Regarding pronoun-sharing in a group setting, perhaps "People use [pronouns of your assigned gender] for me"?

It's a variation on hoyland's answer to a previous question, "I usually use pronouns like...", which you could also consider.
posted by What is E. T. short for? at 8:34 AM on July 14, 2023 [2 favorites]


A lot of these answers resonate with me. I also wanted to add that for me, the literal last thing I want to center in my interactions with others is my gender and its presentation. So being like "HEY, NICE TO MEET YOU, THINK ABOUT MY GENDER A LOT, I'M DOING AN UNUSUAL THING!!!" is extremely counterproductive.

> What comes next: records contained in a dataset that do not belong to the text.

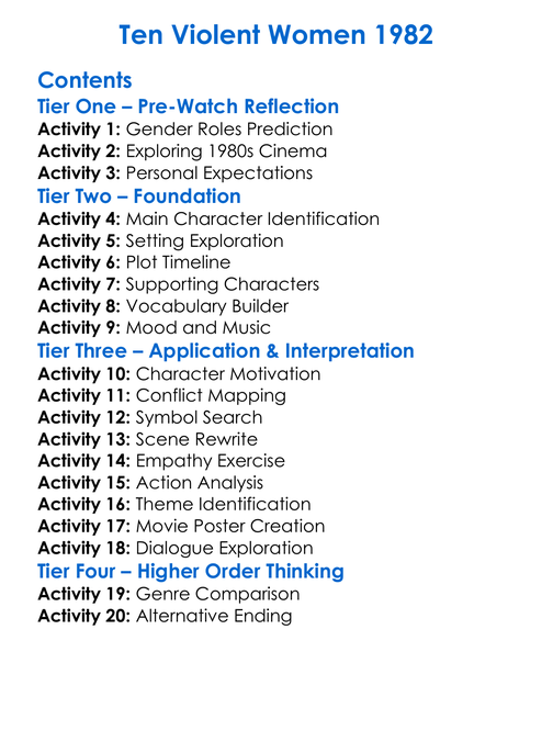 Ten Violent Women 1982 Worksheet Activity Booklet
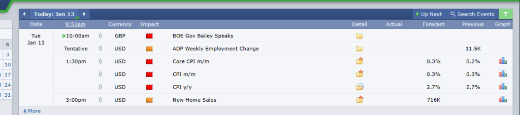 First, a ForexFactory-style calendar panel in UK time, highlighting Bailey’s speech, US CPI, and New Home Sales.
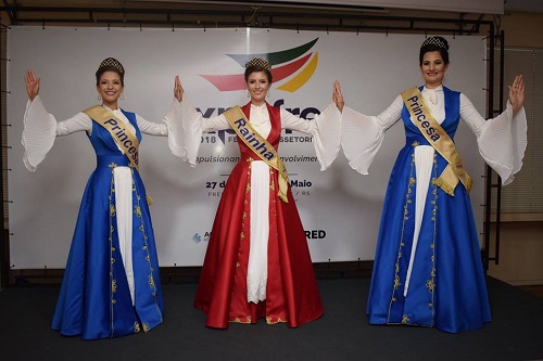 Outro momento importante da noite, contou com a apresentação do traje de gala e de passeio das soberanas, que darão um toque especial com a sua elegância, delicadeza e inovação.
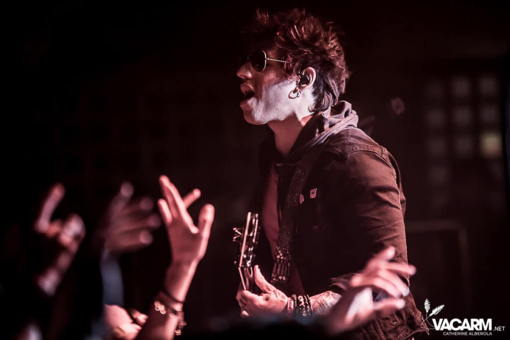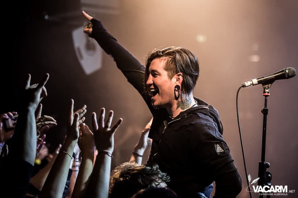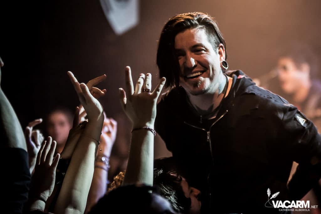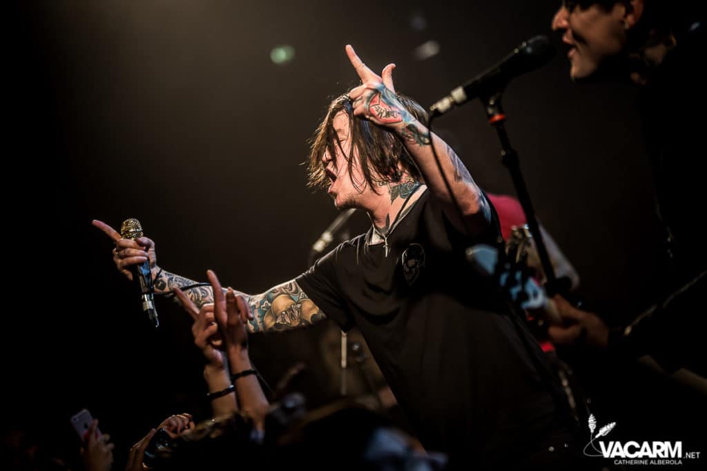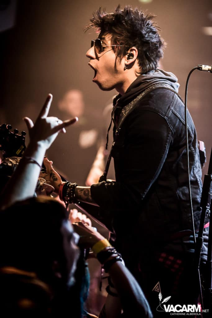Après ce voyage de 45 minutes dans le passé, ce plongeon dans cette époque où tant d’emos se retrouvaient sur myspace, Escape the Fate fait une courte pause avant d’entonner « Do You Love Me », extrait du dernier album I am Human. La réponse est dans la fosse, oui leur public les aime encore ! C’est parti pour la deuxième partie du concert avec des titres essentiellement tirés des deux derniers albums. Joyeux bordel dans la fosse, bonne humeur du groupe contagieuse, ce concert n’engendrait pas la morosité ! C’est sur une chanson de Queen à nouveau que le concert va prendre fin. Tandis que « We are the Champions » résonne dans le Trabendo, le groupe vient partager quelques précieuses minutes de proximité avec ses fans.
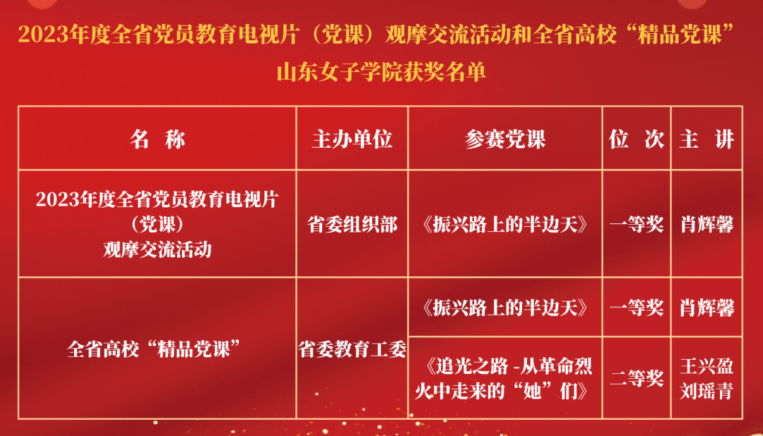 二、学院肖辉馨副教授主讲的《振兴路上的半边天》获2023 年全省高校“精品党课”一等奖、山东省委组织部2023年度全省100部党员教育电视片(党课)观摩交流活动优秀党课一等奖。
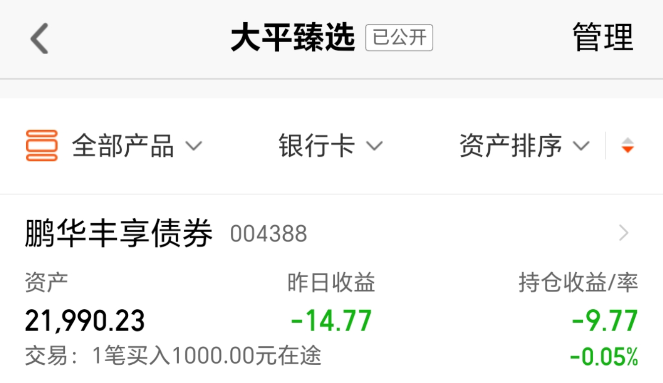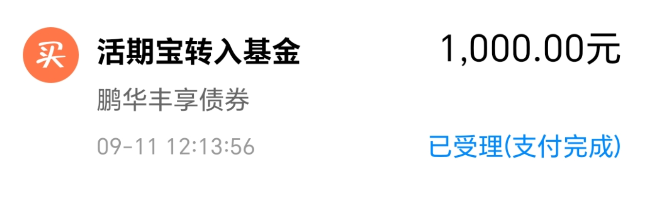 今天我买入$鹏华丰享债券(OTCFUND|004388)$1000块钱。
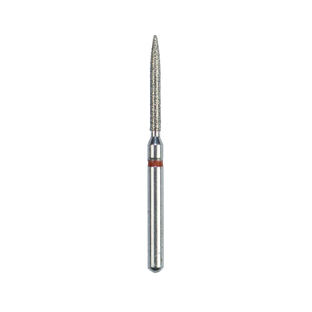 ORBIS Diamond Bur, flame shaped, fine grit, red ring. For turbine FG. The length of the working part is 10mm. Full length 23,5mm. ISO 806 316 250 514 012
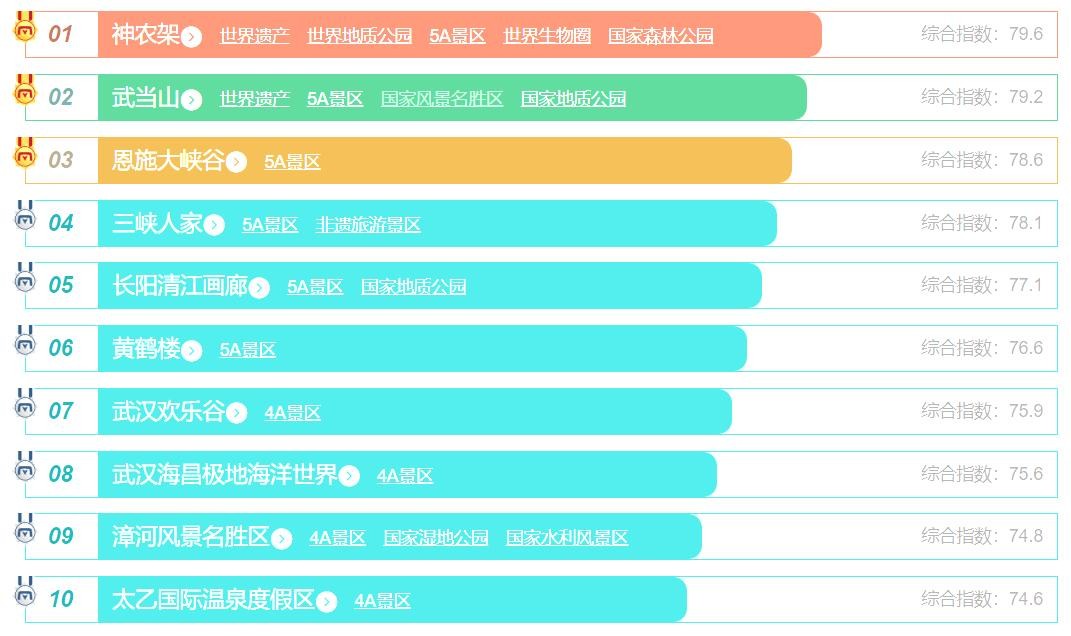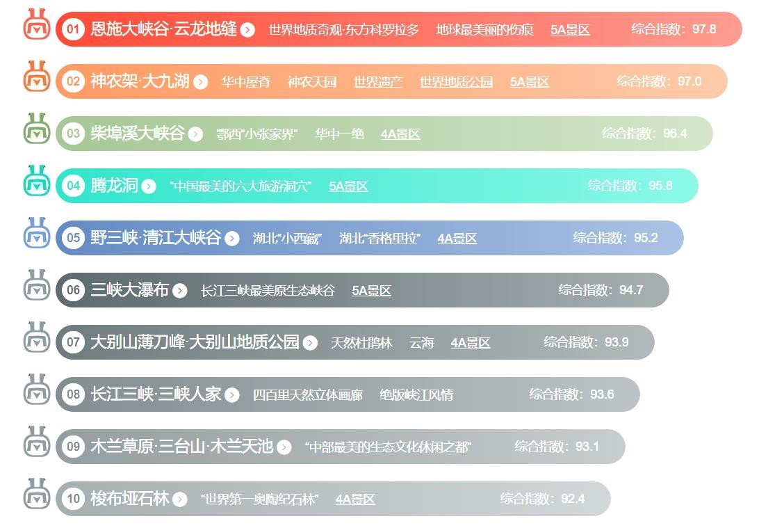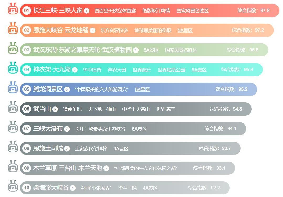 湖北省十大最美景点排行

So I just roll with my factory issue pronouns because as far as most people are concerned my gender is "please stop thinking about me and gender in the same sentence."
posted by potrzebie at 9:04 AM on July 14, 2023 [33 favorites]


But I also feel like I'm dodging a sort of responsibility to live my truth or whatever, or like I'm being a coward.

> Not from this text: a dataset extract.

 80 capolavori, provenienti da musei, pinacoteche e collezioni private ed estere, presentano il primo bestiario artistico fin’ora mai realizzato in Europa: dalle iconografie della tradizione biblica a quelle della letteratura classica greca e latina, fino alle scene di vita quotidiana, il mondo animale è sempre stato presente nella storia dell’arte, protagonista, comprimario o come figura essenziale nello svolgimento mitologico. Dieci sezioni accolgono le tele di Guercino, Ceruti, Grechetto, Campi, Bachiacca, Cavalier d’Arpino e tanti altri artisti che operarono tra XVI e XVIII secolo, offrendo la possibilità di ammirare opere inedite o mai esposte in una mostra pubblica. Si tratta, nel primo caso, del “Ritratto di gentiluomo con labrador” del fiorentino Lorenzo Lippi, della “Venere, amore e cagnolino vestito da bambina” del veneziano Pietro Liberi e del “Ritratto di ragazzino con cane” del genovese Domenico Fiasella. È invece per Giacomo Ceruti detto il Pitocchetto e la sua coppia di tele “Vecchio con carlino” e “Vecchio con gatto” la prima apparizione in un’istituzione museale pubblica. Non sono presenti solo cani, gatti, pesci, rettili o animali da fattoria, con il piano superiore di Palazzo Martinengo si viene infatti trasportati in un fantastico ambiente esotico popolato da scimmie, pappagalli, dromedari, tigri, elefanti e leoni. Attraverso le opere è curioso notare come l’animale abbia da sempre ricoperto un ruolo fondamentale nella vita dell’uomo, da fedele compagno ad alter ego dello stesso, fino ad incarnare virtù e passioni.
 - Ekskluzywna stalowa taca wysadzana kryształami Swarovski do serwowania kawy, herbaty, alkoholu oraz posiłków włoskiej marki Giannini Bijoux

I think the recent trend in queer spaces, of being expected to rigorously interrogate and label so many aspects of one’s own personal queer identity, can be as harmful for some people as it is helpful for others. It can enforce a rigidity that, while outside of the binary, is just as prescriptive as the binary. The words and concepts we use now are A WAY of conceptualizing and understanding our identities, but they are not the only valid ways. You have no obligation to adopt any particular label just because someone else tells you that you fit that label.
posted by showbiz_liz at 10:53 AM on July 14, 2023 [16 favorites]


This year, I started having thoughts like, "I'm not a woman" or having a general feeling of apathy about my gender... But life is busy, and I have bigger fish to fry, so I haven't formally figured out what those thoughts mean to me. In my queer community, I brought up these thoughts and feelings and I had folks who could identify and commiserate with me, which felt very validating. Right now, I'll mostly keep my thoughts on my gender to myself, but, when I'm ready, I think I'll be more open about it - work included.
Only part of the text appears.